How to Support Students Motivated by Grades

Hello everyone, and welcome back to #langchat! We had an interesting discussion last week on Twitter, and we’ve included a detailed summary below for those of you who may have missed the chat. Our topic for the evening was how to support students motivated by grades in a society that expects grades for everything.

Thank you to all our participants for the evening, and a special thanks to our moderators, Sara-Elizabeth Cottrell (@SECottrell) and Don Doehla (@dr_dmd). If you weren’t able to participate but wanted to, please feel free to comment below.

What’s So Bad About Grades?

@SECottrell posed the question: what is so bad about grades? What do participants think about grades in today’s classroom?

Several participants expressed their beliefs that grades are nothing more than artificial constructions to replace real, constructive feedback. @jas347 lamented that often grading feels more like pointing out what students don’t know than what they do.

@SECottrell dislikes the typical grading system because many grades are just arbitrary numbers that don’t represent anything students have learned, such as participation grades or exit tickets.

Why Are Grades Essential?

Many scholarships and other tuition aids are based on student grades, which causes students and parents to stress about receiving high marks. Several participants expressed regret that grades are tied to such awards.

Because the system is such, students are now motivated by grades and try to achieve the As that they need to satisfy parents and get scholarships. This leads to students who don’t pay attention to their proficiency levels or improving abilities. Instead, students look for the letter grade. Some students also shy away from more advanced courses for fear of damaging their grade point average.

Working with Students Motivated by Grades

Many students are motivated by the current grading system. They quest for the A at all times, and get involved in the class when the grading system is clear and easy to understand. How do we support these students?

Several participants mentioned that they try to motivate students with other strategies in order to take the focus off the grade and encourage students to continue their studies into advanced courses. @placido believes that relationships motivate students better than grades ever will. @dr_dmd adds that engaging kids is very important. This will cause students to be less motivated by grades and more by creative opportunities.

Providing students with choices in which assignments to work on goes a long way toward increasing student motivation. Several participants mentioned that they’ve seen remarkable increases in student motivation when students are permitted to choose from several different projects.

  • Participants cautioned that care should be taken when offering students choices, though. Try not to offer any “cop out” choices that students might choose. Focus on varying activities based on complexity, not on difficulty (@trescolumnae).

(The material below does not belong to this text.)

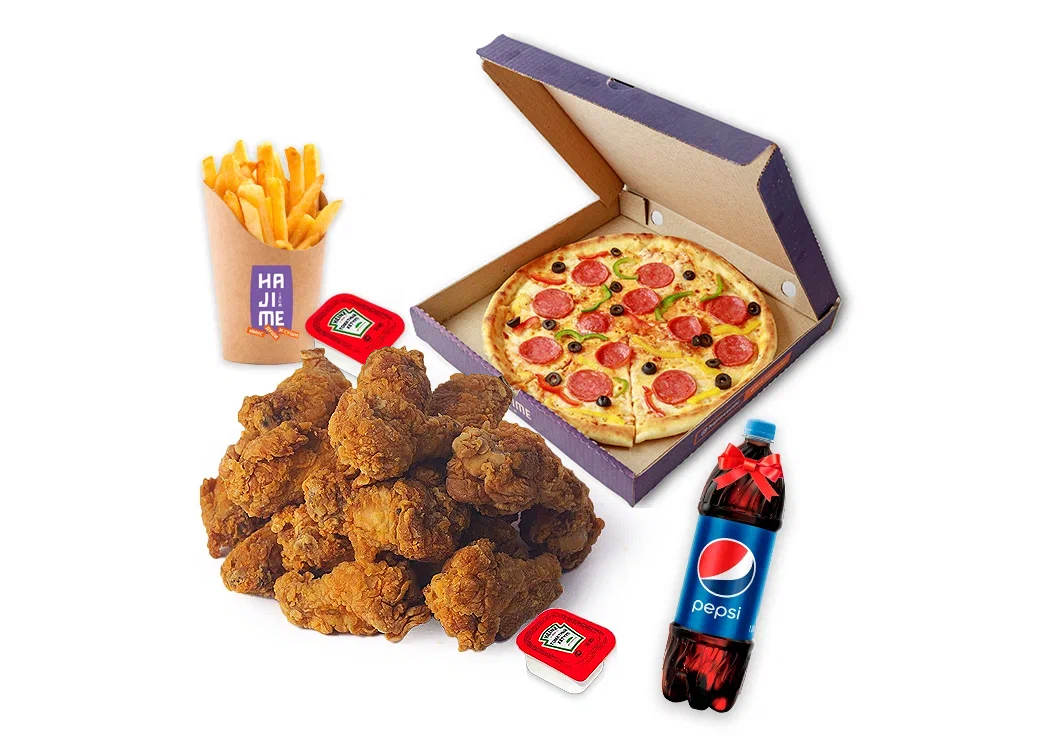 Крылышки 20 шт, Пепперони 30 см, Пепси 1 лт, Фри, Кетчуп

Students who are motivated by grades might get frustrated by assignments and projects with a minimal focus on grades. If they can’t see that the activity will impact their grade, they’re not motivated to work on it. To get around this, @placido has a lot of honest talks with her students. She’ll explain why they’re working on a project, what they hope to achieve and how it will impact their future language skills.

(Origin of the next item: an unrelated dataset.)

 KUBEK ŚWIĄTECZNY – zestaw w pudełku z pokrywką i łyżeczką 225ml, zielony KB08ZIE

Students also occasionally complain about grades that they receive. This is especially prevalent when teachers change the system and attempt grading systems different from the norm. Many participants expressed that they avoid complaints by ensuring that they have good rubrics and tie the grades securely to the rubrics. This makes it very clear how a grade is obtained and linked to performance.

  • When designing your rubric, steer clear of discussion of grades. Instead, focus on proficiency descriptions (@SECottrell). Using “I Can” statements is also very helpful (@dr_dmd).

What Can Replace Grades?

The grading system is often dictated by administrators, so ditching it completely is probably not an option for most teachers. However, @SraCasey believes that if the system decides the options, it’s up to teachers to adapt everything at their end. If you prefer to use other, possibly more constructive, mechanisms to rate students, what is out there?

Several participants expressed that they find a good rubric useful. @dr_dmd says that when students ask him about grades, he’ll ask them to look at the rubric with him and rate themselves.

@dr_dmd gives students “reflection guides” to accompany project presentations. Students then fill out the rubric for themselves and their teammates.

@SraCasey believes that test grades should not be final: a temporary assessment of progress rather than a firm grade. She suggests allowing retakes. @SraSpanglish says to use caution with retakes, however. Some students will abuse the retake ability by not worrying about the test the first time.

@nnaditz allows late homework for full credit, but students have to perform the work in the room. This encourages them to ask for help from the teacher, and prevents simply copying.

@nnaditz divides her grade books into language skills (listening, speaking, reading and writing in the target language) rather than the traditional divisions of homework, tests, participation, etc. @placido uses the categories of presentational, interpersonal and interpretive.

@SECottrell took a small step this year by removing grades from student copies of their assessments, in order to reduce student reliance on grades. Students now have to look online to see their grade.

Thanks!

Thank you to all our participants for so freely sharing your tips and thoughts on working with grades in the classroom. If you weren’t able to make it on Thursday, please feel free to share your thoughts in the comments section below — we’d love to hear from you.

If you’re interested to see the entire archive, please go to our Google Docs page. Please also feel free to join us on Thursday for our next #langchat discussion.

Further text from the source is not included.